Only the lines below from the one that contains "Men's HUMBLE Light" through the one that contains "前一个班刚展示完班级四六级通" should appear in your answer, exact and without pictures.

== Extracted information ==
───

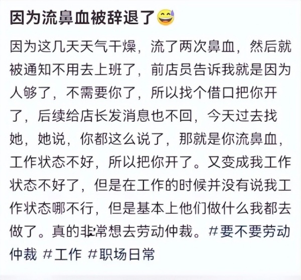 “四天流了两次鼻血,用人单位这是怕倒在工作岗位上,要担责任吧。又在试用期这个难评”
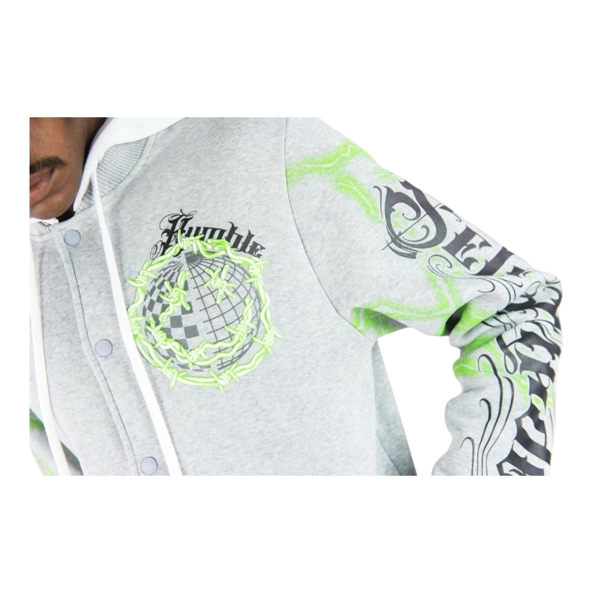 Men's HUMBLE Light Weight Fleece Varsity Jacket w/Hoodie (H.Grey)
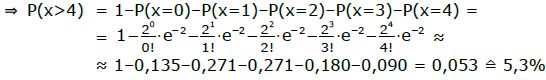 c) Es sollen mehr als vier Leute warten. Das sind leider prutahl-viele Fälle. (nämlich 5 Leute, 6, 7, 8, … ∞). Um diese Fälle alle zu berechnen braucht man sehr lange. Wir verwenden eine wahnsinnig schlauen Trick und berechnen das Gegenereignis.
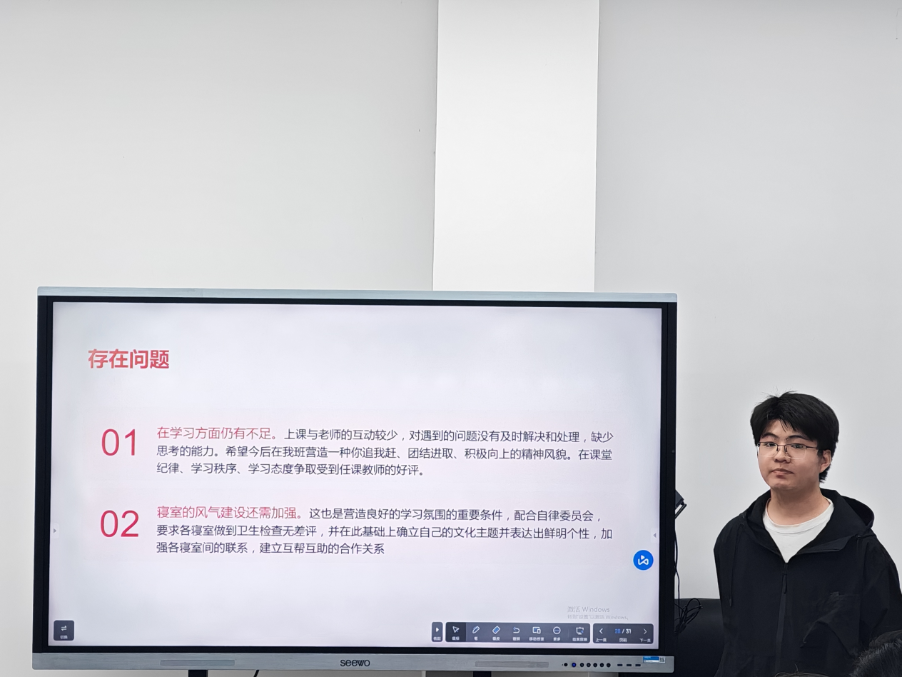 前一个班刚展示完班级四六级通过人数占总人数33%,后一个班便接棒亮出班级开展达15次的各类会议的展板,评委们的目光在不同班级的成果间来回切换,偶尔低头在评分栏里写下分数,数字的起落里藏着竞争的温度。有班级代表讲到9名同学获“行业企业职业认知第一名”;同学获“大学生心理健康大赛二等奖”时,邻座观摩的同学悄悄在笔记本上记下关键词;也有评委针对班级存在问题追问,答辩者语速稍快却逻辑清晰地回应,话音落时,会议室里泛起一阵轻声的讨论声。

───

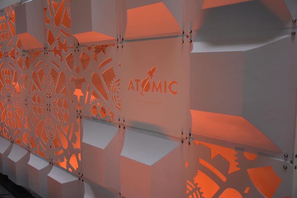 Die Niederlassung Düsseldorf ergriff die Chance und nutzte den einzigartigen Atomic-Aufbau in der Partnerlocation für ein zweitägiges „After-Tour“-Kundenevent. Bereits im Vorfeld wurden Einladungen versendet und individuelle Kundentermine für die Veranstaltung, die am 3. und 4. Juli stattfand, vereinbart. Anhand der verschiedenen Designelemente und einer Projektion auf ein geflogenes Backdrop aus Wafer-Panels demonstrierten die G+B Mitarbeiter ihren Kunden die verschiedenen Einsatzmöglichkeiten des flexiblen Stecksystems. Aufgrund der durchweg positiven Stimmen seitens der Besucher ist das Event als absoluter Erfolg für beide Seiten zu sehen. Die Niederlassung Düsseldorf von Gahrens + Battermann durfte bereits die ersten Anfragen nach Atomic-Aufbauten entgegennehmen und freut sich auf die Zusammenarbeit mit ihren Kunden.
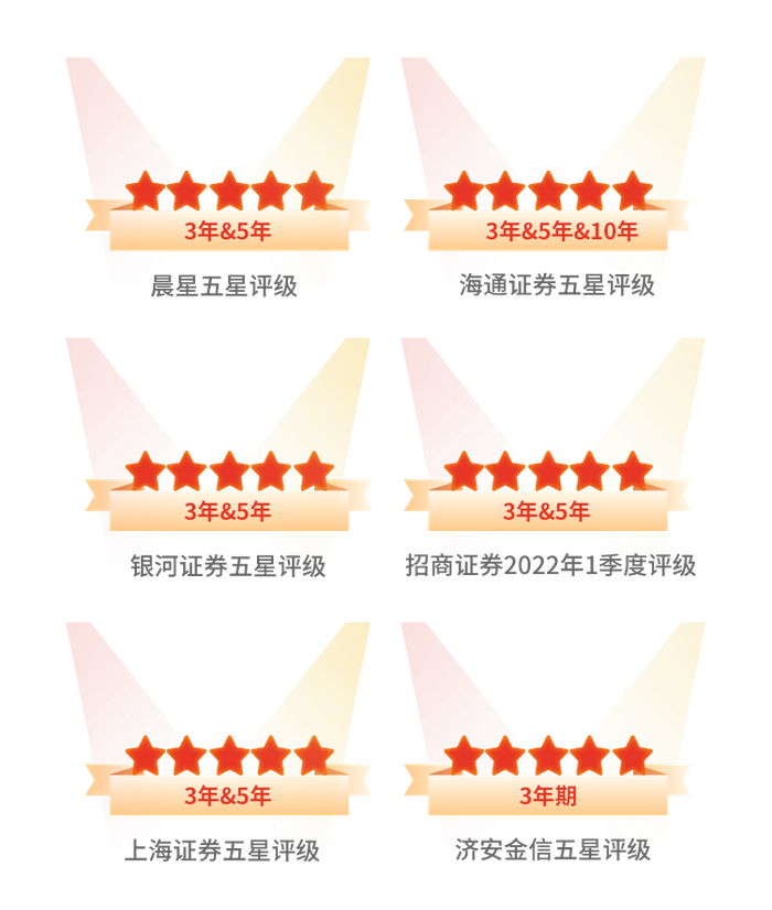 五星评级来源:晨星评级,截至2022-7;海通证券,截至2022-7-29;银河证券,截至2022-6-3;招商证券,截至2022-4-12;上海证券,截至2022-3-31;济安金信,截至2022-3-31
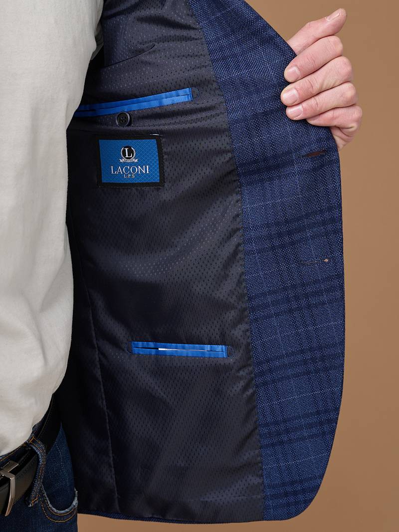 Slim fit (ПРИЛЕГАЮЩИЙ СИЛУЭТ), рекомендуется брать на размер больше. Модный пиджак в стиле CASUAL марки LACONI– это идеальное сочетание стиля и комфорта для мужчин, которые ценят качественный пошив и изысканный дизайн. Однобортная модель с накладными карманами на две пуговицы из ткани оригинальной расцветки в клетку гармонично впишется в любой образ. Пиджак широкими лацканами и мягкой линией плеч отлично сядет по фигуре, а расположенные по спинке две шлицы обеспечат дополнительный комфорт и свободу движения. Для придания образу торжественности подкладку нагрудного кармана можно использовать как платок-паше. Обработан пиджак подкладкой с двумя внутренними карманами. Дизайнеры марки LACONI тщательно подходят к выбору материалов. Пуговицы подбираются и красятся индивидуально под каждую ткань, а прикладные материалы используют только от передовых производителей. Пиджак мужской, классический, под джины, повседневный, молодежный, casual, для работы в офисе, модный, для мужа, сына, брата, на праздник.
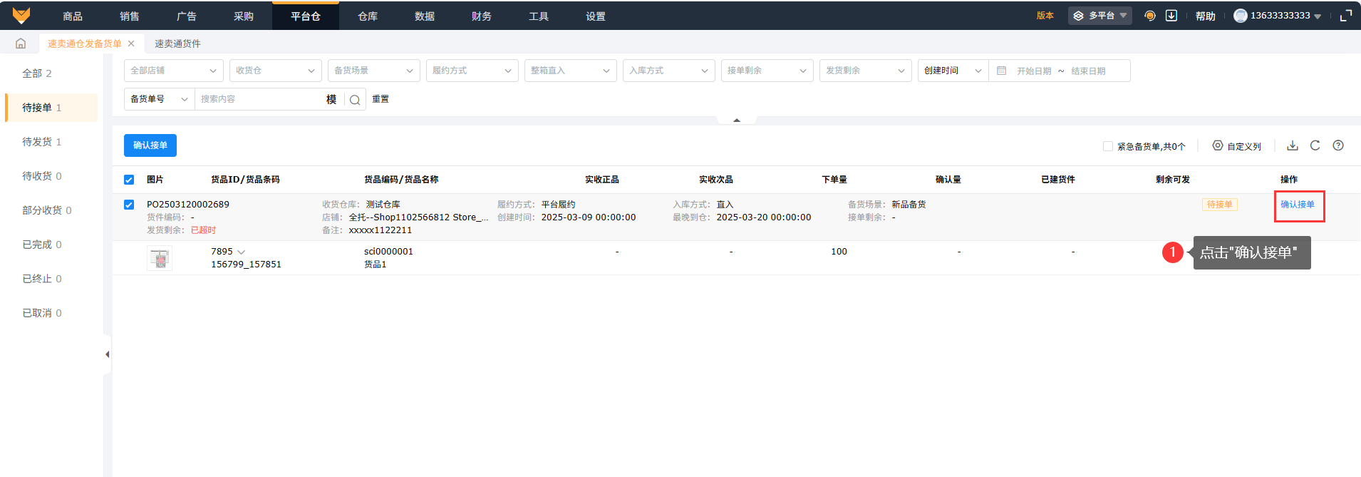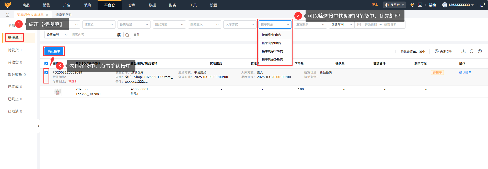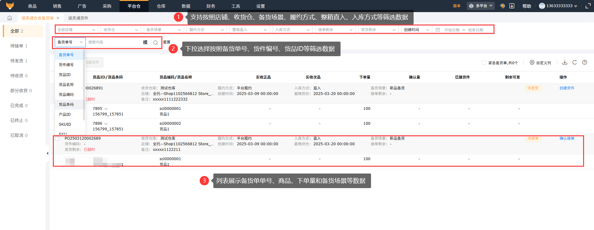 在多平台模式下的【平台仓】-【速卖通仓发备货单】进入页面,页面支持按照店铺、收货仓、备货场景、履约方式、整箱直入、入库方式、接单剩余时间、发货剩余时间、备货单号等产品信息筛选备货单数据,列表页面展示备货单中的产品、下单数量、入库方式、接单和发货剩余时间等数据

───

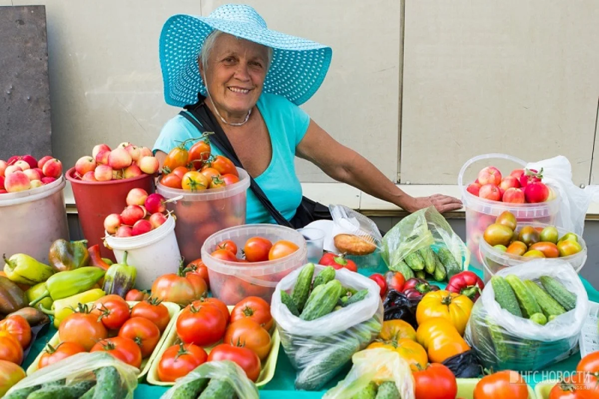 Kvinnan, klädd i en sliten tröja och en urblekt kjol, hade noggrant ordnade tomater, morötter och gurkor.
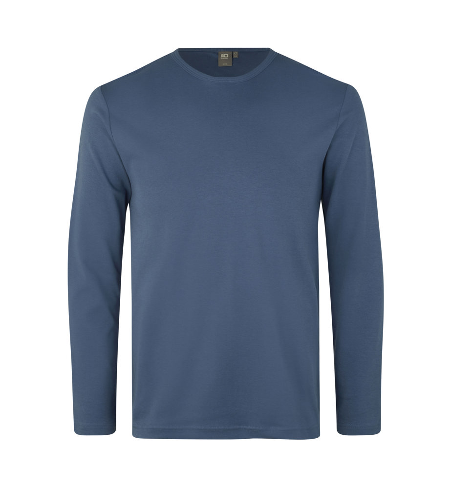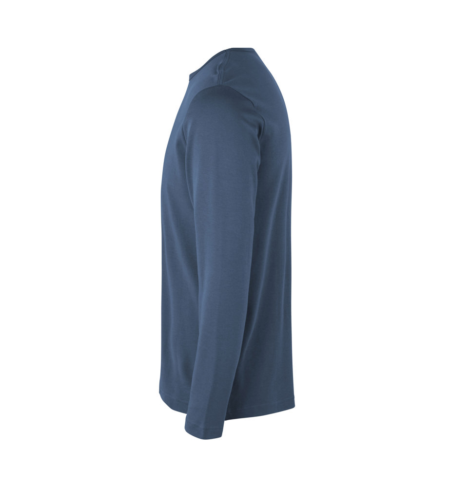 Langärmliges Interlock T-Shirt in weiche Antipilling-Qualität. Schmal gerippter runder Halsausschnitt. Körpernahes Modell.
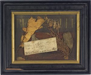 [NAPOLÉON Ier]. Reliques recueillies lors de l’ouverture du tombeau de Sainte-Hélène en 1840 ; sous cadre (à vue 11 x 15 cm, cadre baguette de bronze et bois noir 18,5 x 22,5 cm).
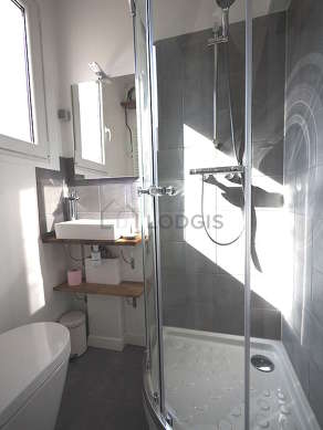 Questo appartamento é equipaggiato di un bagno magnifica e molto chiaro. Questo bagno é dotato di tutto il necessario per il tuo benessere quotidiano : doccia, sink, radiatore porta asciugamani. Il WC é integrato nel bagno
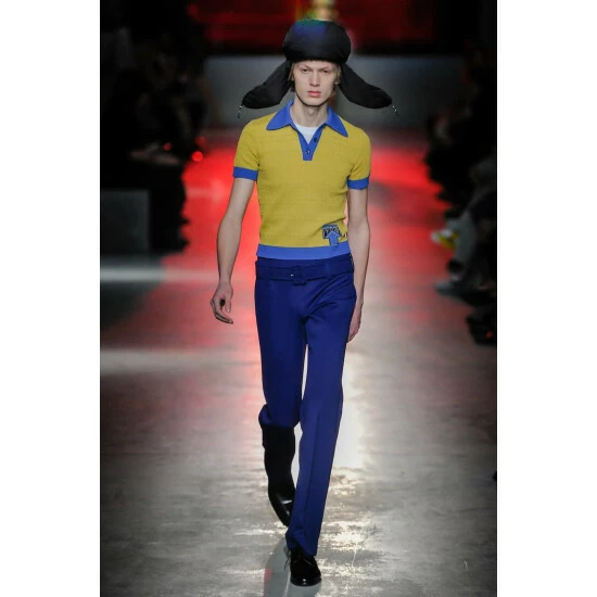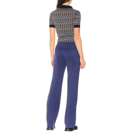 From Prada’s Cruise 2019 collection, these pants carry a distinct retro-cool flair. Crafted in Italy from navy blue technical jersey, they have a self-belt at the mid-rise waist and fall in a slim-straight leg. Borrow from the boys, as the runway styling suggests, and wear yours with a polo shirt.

───

== Output for this task ==
 Men's HUMBLE Light Weight Fleece Varsity Jacket w/Hoodie (H.Grey)
 c) Es sollen mehr als vier Leute warten. Das sind leider prutahl-viele Fälle. (nämlich 5 Leute, 6, 7, 8, … ∞). Um diese Fälle alle zu berechnen braucht man sehr lange. Wir verwenden eine wahnsinnig schlauen Trick und berechnen das Gegenereignis.
 前一个班刚展示完班级四六级通过人数占总人数33%,后一个班便接棒亮出班级开展达15次的各类会议的展板,评委们的目光在不同班级的成果间来回切换,偶尔低头在评分栏里写下分数,数字的起落里藏着竞争的温度。有班级代表讲到9名同学获“行业企业职业认知第一名”;同学获“大学生心理健康大赛二等奖”时,邻座观摩的同学悄悄在笔记本上记下关键词;也有评委针对班级存在问题追问,答辩者语速稍快却逻辑清晰地回应,话音落时,会议室里泛起一阵轻声的讨论声。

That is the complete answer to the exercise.